TASK DESCRIPTION.
Every line below should come back exactly as written, though the pictures stay out.

DATA SECTION.
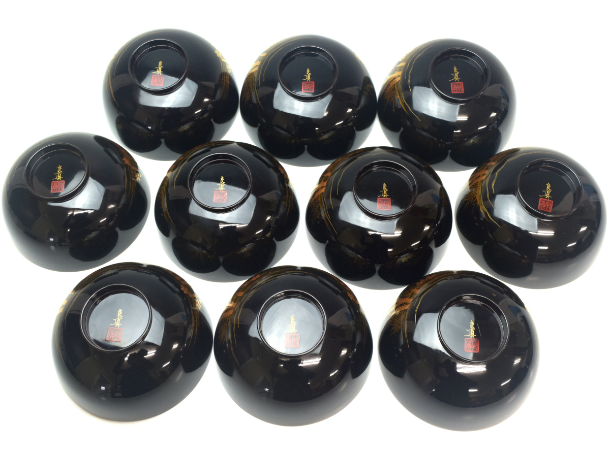 | 商品名 | 蒔絵 桜蒔絵吸物椀十客 良真作 直径 12. 2cm 木地 希少 細密上質蒔絵 江戸時代 本物保証 Z2151【趣楽】 | ||
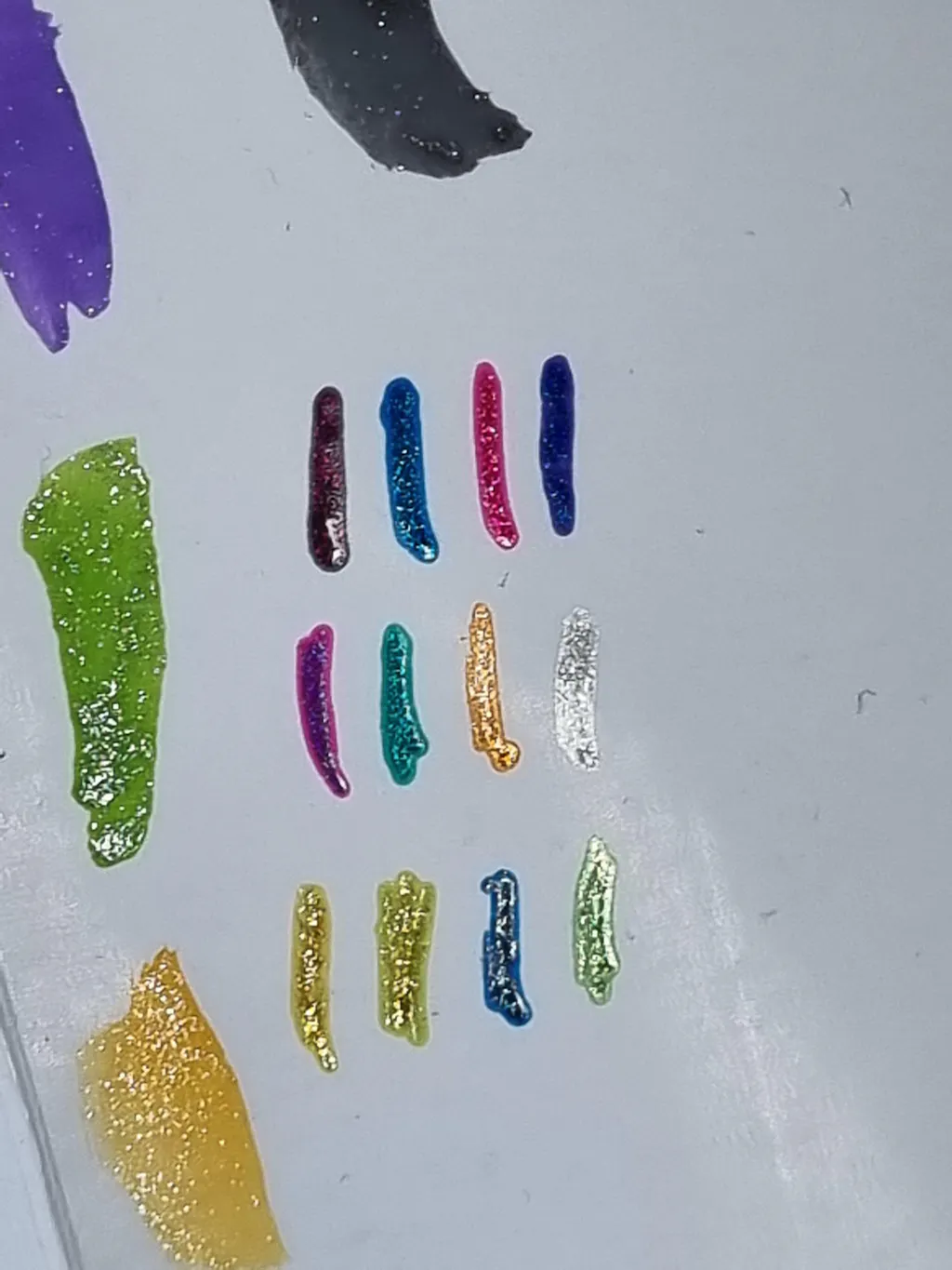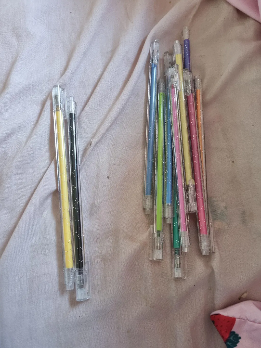 I’ve been looking at these pens for a while and decided to finally treat myself to them. They do not disappoint!!, they are so sparkly. They are different than other glitter gel pens I own in that the colour ink has different colours of glitter in each pen too. Whereas the others I own are coloured ink with silver glitter in each pen. So happy I bought these!!!, they are beautiful 😍
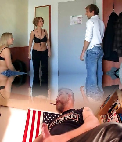 Sloppy Step Fathers Snoop On Their Stepdaughters And Catch Them Vigorously Kissing Each Other
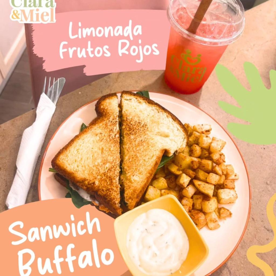 PAN BRIOCHE LIGERAMENTE TOSTADO, CON POLLO, QUESO OAXACA, SALSA BUFFALO, MIX DE HOJAS VERDES, ACOMPAÑADO DE PAPAS Y RANCH.
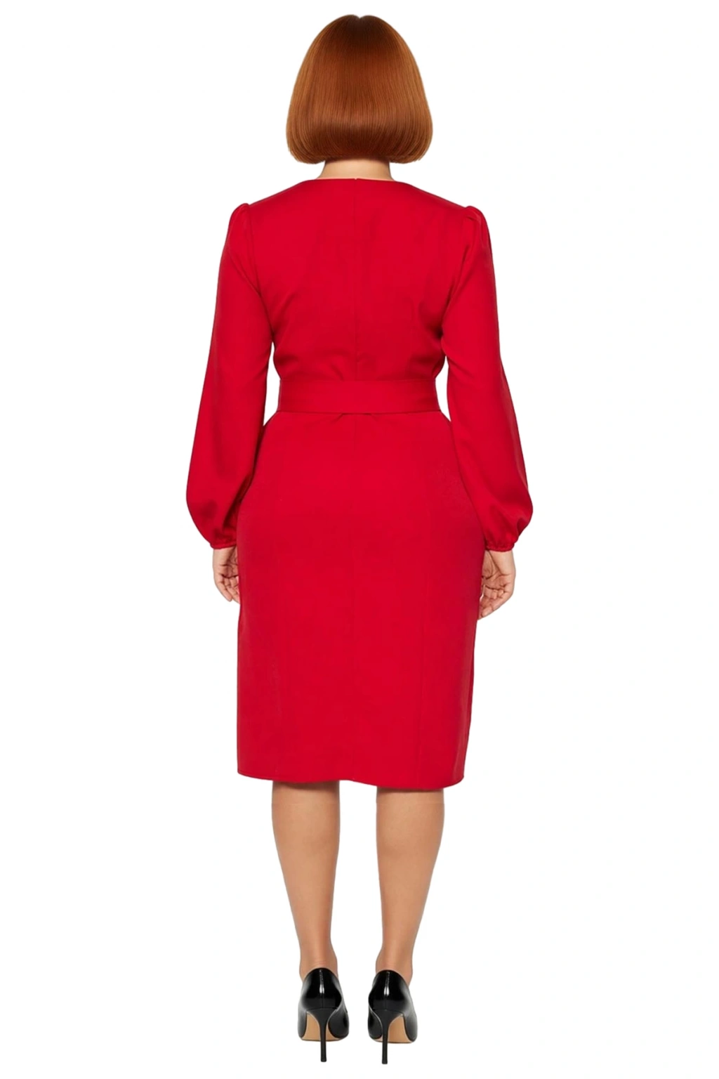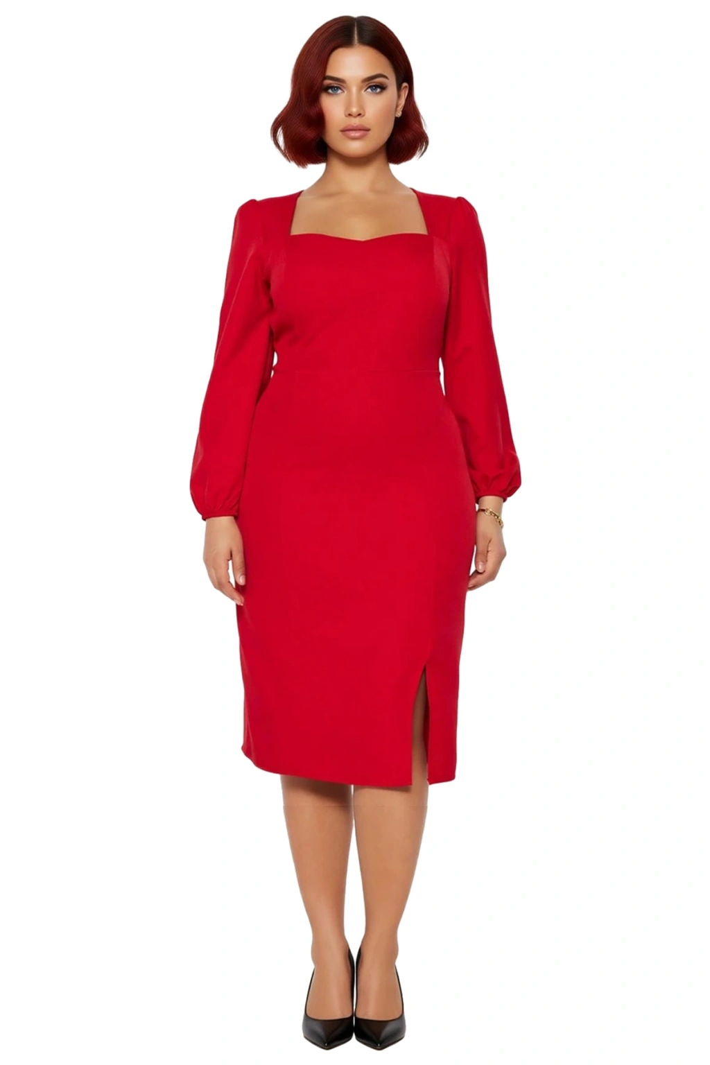 Ürün Özellikleri: Shift kalıp, %88 polyester %12 elastan materyal, düz desen, kare yaka, balon kol, dokuma kumaş, kırmızı renk.

ANSWER AREA.
 | 商品名 | 蒔絵 桜蒔絵吸物椀十客 良真作 直径 12. 2cm 木地 希少 細密上質蒔絵 江戸時代 本物保証 Z2151【趣楽】 | ||
 I’ve been looking at these pens for a while and decided to finally treat myself to them. They do not disappoint!!, they are so sparkly. They are different than other glitter gel pens I own in that the colour ink has different colours of glitter in each pen too. Whereas the others I own are coloured ink with silver glitter in each pen. So happy I bought these!!!, they are beautiful 😍
 Sloppy Step Fathers Snoop On Their Stepdaughters And Catch Them Vigorously Kissing Each Other
 PAN BRIOCHE LIGERAMENTE TOSTADO, CON POLLO, QUESO OAXACA, SALSA BUFFALO, MIX DE HOJAS VERDES, ACOMPAÑADO DE PAPAS Y RANCH.
 Ürün Özellikleri: Shift kalıp, %88 polyester %12 elastan materyal, düz desen, kare yaka, balon kol, dokuma kumaş, kırmızı renk.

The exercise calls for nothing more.